What is required -> What you return should be only the lines in the entries below between the one holding "بكر أبو زيد" and the one holding "Lageplan: pinke Parzellen", ends included, with every picture left out.

Dataset content Start Marker

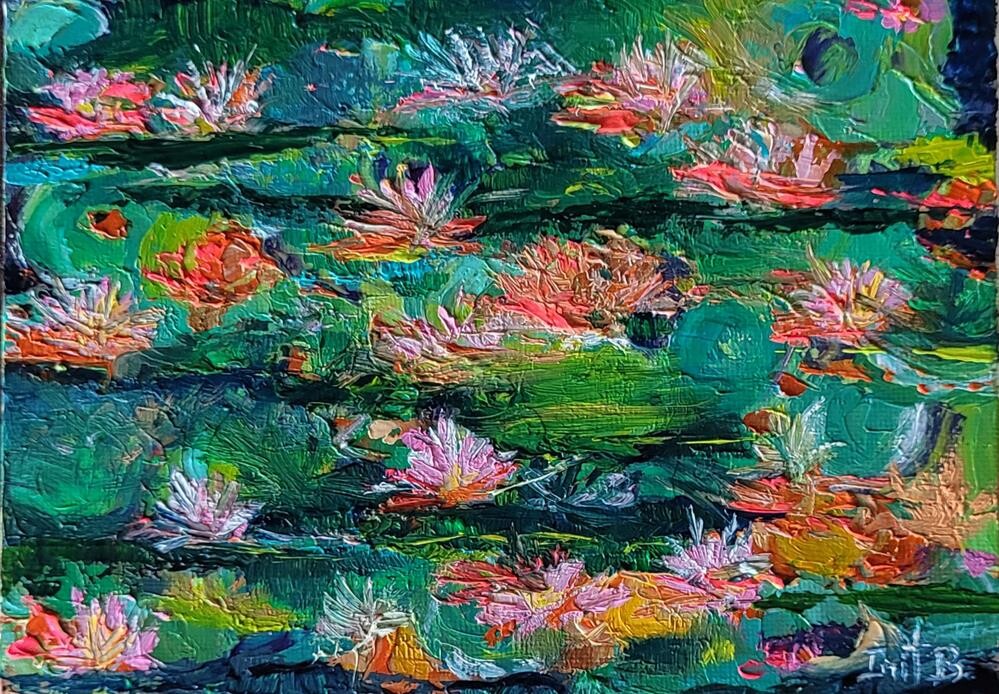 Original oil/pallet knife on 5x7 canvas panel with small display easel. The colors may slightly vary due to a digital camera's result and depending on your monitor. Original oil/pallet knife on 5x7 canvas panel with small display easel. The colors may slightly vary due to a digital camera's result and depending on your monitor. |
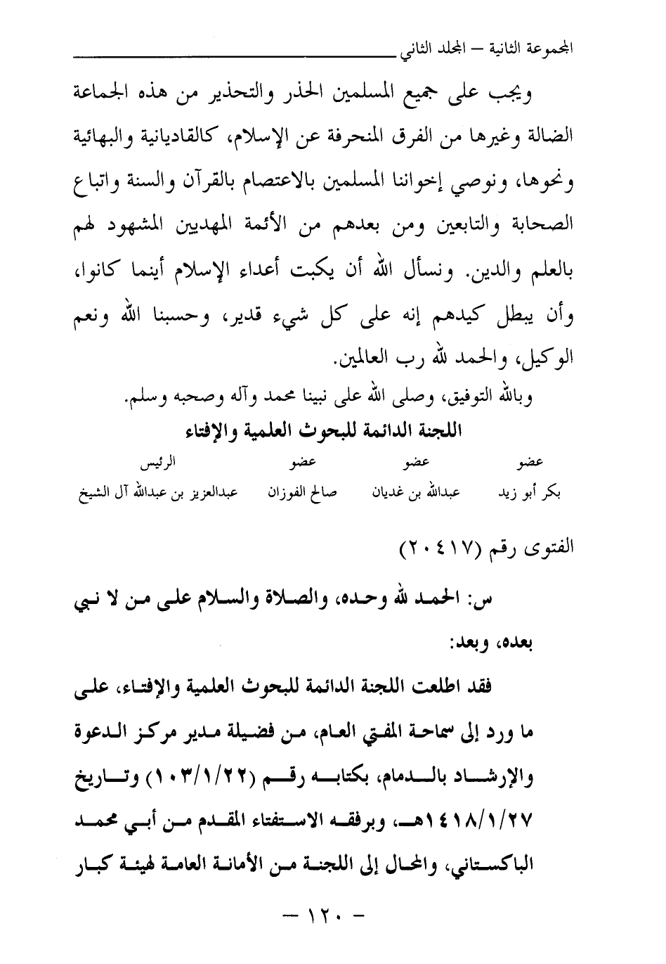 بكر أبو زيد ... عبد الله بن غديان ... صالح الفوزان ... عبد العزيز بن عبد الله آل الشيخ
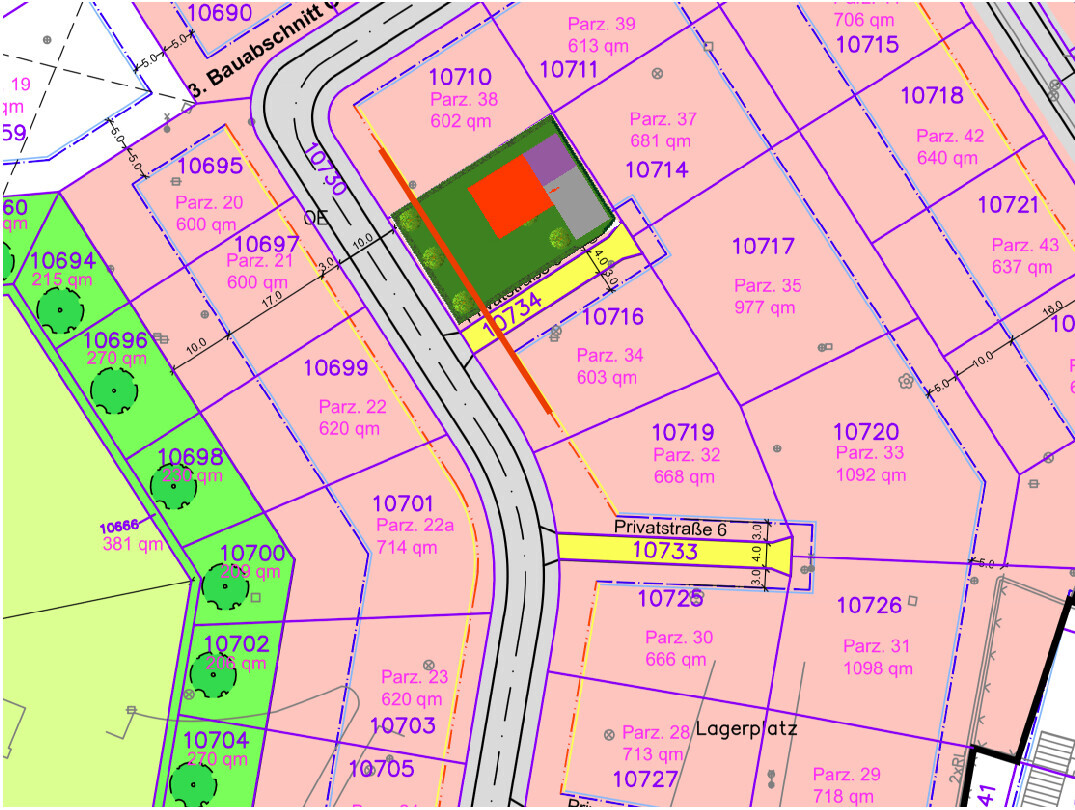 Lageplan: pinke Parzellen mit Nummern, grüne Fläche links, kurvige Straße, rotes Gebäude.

Dataset content End Marker
Dataset content Start Marker

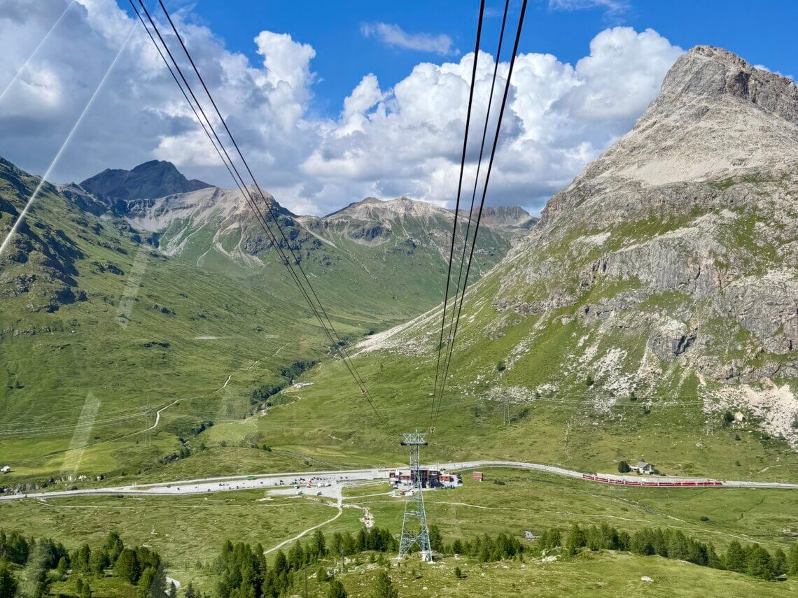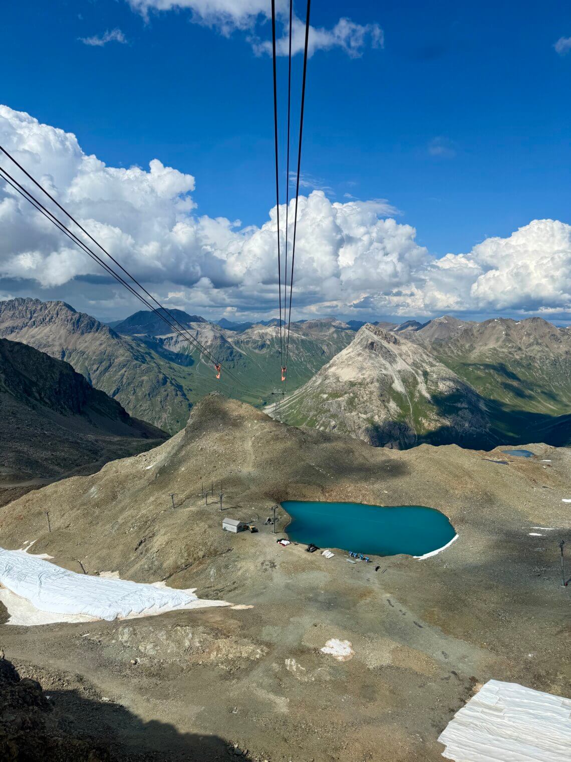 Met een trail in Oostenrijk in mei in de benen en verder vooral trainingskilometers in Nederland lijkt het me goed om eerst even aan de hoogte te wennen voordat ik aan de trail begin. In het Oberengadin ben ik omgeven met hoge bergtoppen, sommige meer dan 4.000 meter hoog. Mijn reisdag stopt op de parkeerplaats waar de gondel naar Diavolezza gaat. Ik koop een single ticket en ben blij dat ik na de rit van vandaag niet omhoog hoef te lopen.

Dataset content End Marker
Dataset content Start Marker

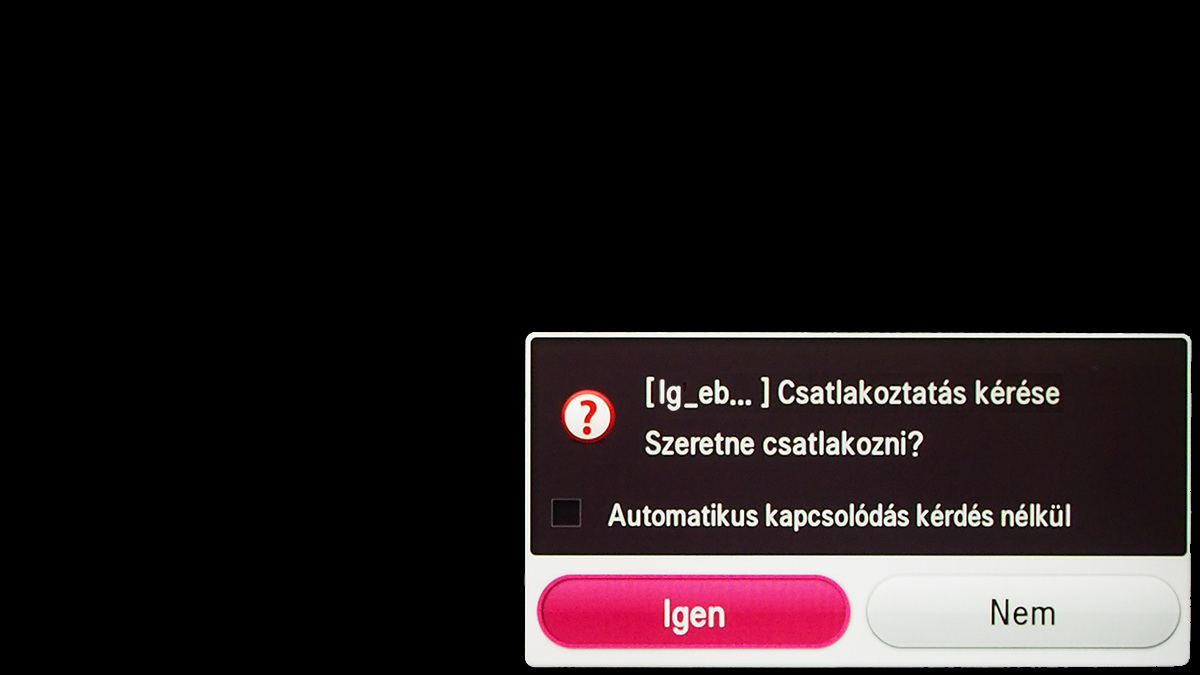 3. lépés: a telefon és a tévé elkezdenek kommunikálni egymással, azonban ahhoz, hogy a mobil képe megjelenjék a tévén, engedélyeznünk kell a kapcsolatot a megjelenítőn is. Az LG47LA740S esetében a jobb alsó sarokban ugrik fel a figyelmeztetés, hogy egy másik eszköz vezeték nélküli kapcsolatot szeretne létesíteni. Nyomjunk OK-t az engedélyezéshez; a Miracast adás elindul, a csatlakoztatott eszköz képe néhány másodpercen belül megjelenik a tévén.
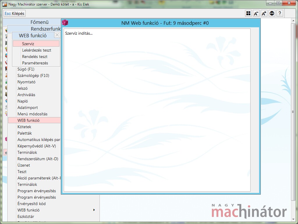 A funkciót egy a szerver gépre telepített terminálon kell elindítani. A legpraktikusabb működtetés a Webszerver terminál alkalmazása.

Dataset content End Marker

The answer ->
 بكر أبو زيد ... عبد الله بن غديان ... صالح الفوزان ... عبد العزيز بن عبد الله آل الشيخ
 Lageplan: pinke Parzellen mit Nummern, grüne Fläche links, kurvige Straße, rotes Gebäude.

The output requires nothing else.